Characterization of coconut shell-based activated carbon and its application in the removal of Zn(II) from its aqueous solution by adsorption

Adsorption kinetics and loading capacity of Zn(II) onto a coconut shell-based activated carbon (AC) was investigated at different solution concentrations, pH values, and temperatures. Characterization of the AC was performed by using scanning electron microscopy, N-2 adsorption and desorption isotherms, pore size distribution, surface area determination, determination of point of zero charge (pH(PZC)), and Boehm titration.

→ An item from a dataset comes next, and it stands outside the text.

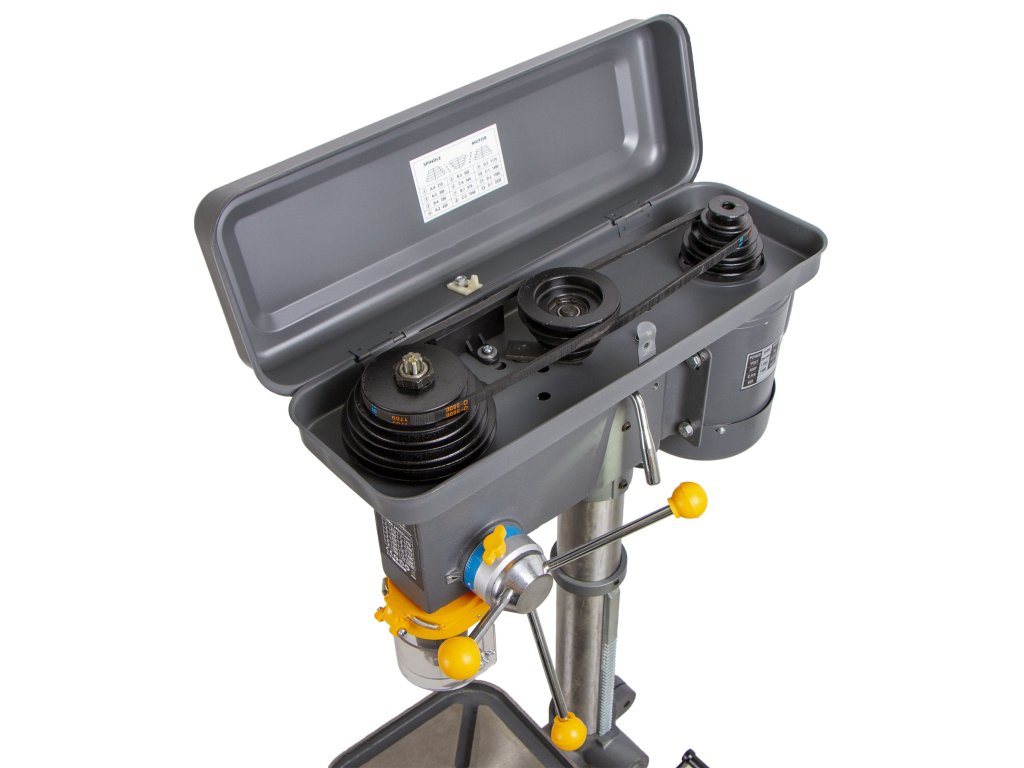 V horní části sloupu se nachází hlava stojanové vrtačky, která sobě ukrývá motor, vřeteník s převody otáček a upínací hlava s tříčelisťovým zubovým sklíčidlem s možností uchycení vrtáků až do 16 mm.

The equilibrium studies showed that the Zn(II) adsorption onto the AC increases from 1.98 to 4.24 mg/g by increasing the initial Zn(II) concentration from 23 to 148 mg/L. The kinetic experiments revealed that the initial adsorption rate of Zn(II) is rapid and decreased afterwards. The adsorption rate significantly increased with raising the temperature from 25 to 45 degrees C. The activation energy for the adsorption of Zn(II) ions onto the AC was 54.23 kJ/mol. Both of the adsorption kinetics and loading capacity decreased with increasing the acidity of solution. The results of Boehm titrations, determination of pH(PZC), and the time course of the system pH during the sorption process showed that the adsorption of Zn(II) ions onto the AC takes place through cation-exchange mechanism with acidic surface functional groups. The results of linear and nonlinear regression methods showed that the equilibrium data among different two- and three-parameter isotherm models closely obey from a three-parameter isotherm model, namely Koble-Corrigan. The results of linear regression method revealed that the kinetic data among different kinetic models closely obey from Elovich model. The rate-limiting step in the adsorption of Zn(II) onto the AC was assessed through the Webber and Morris plots.